2018年12月8日、国会で改正出入国管理法が成立しました。これにより、2019年4月から、単純労働を含む外国人労働者の受け入れを拡大する新しい在留資格「特定技能」がスタートします。

ここでは、日本での就労を希望する外国人の方や、外国人の雇用を検討している事業者の方向けに、新しい在留資格「特定技能」について、わかりやすく解説します。

こんな方におすすめ

  • 飲食店、カフェ、ホテルなどへの就職を考えている留学生
  • アルバイトの留学生を卒業後にフルタイムで雇用したい飲食店の経営者
  • 家族滞在で日本にいるが、フルタイムで働きたいと考えている外国人の方
  • 新しい在留資格「特定技能」について知りたい方

新しい在留資格「特定技能」が生まれた背景

「特定技能」の最新情報は法務省のホームページに随時アップされていますが、具体的な運用については、まだ明らかになっていません。(※ 2019年3月11日記事作成時点)。そのため、2019年4月の具体的な運用開始に備えて、制度の趣旨や背景を理解しておくことが重要です。

在留資格「特定技能」の意義

日本はこれまで、単純労働に従事する外国人の受入れを認めてきませんでした。これに対して、新しい在留資格「特定技能」により、一部の業種について認められるようになります。そのため、「移民政策ではないか?」という論調で語られることもあります。

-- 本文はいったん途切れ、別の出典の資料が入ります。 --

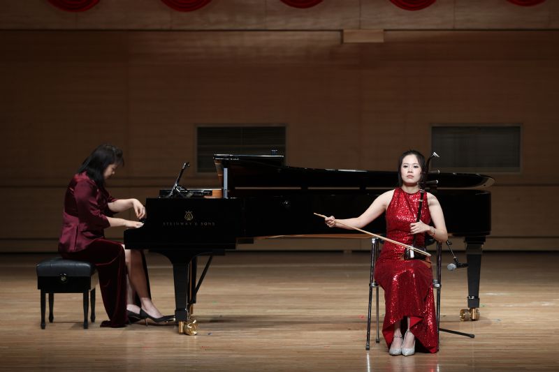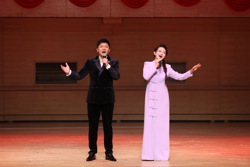 作为本场音乐会的东道主,我院的同学们先后表演了男声独唱《那就是我》《嘉陵江上》、重唱《映山红》《南泥湾》、二胡独奏《阳光照耀着塔什库尔干》、单簧管独奏《牧马之歌》、钢琴独奏《茉莉花幻想曲》、电子管风琴独奏《黄河》以及舞蹈《渡生》《盼归》、歌剧《伤逝》等多部作品。同学们对音乐内容的深刻把握,对人物情感的细腻演绎,赢得现场听众的阵阵掌声。最后,我院青年教师刘航、李优演唱了由党委书记赵恒心作词、教师吕威作曲的歌曲《血脉》,表达了新时代鲁艺传人坚守文艺报国理想、勇担“为时代放歌、为人民起舞”职责使命的家国情怀。

しかし、在留資格「特定技能」という新制度の背景にあるのは、「日本の経済・社会基盤の持続可能性を阻害している深刻な人手不足をどう解消するか?」という経済界からの要望です。

2018年12月25日の閣議決定に出された「特定技能の在留資格に係る制度の運用に関する基本方針について」という資料の中では、在留資格「特定技能」の意義について、次のように書かれています。

特定技能の在留資格に係る制度の意義は、中小・小規模事業者をはじめとした深刻化する人手不足に対応するため、生産性向上や国内人材の確保のための取組を行ってもなお人材を確保することが困難な状況にある産業上の分野において、一定の専門性・技能を有し即戦力となる外国人を受け入れていく仕組みを構築することである。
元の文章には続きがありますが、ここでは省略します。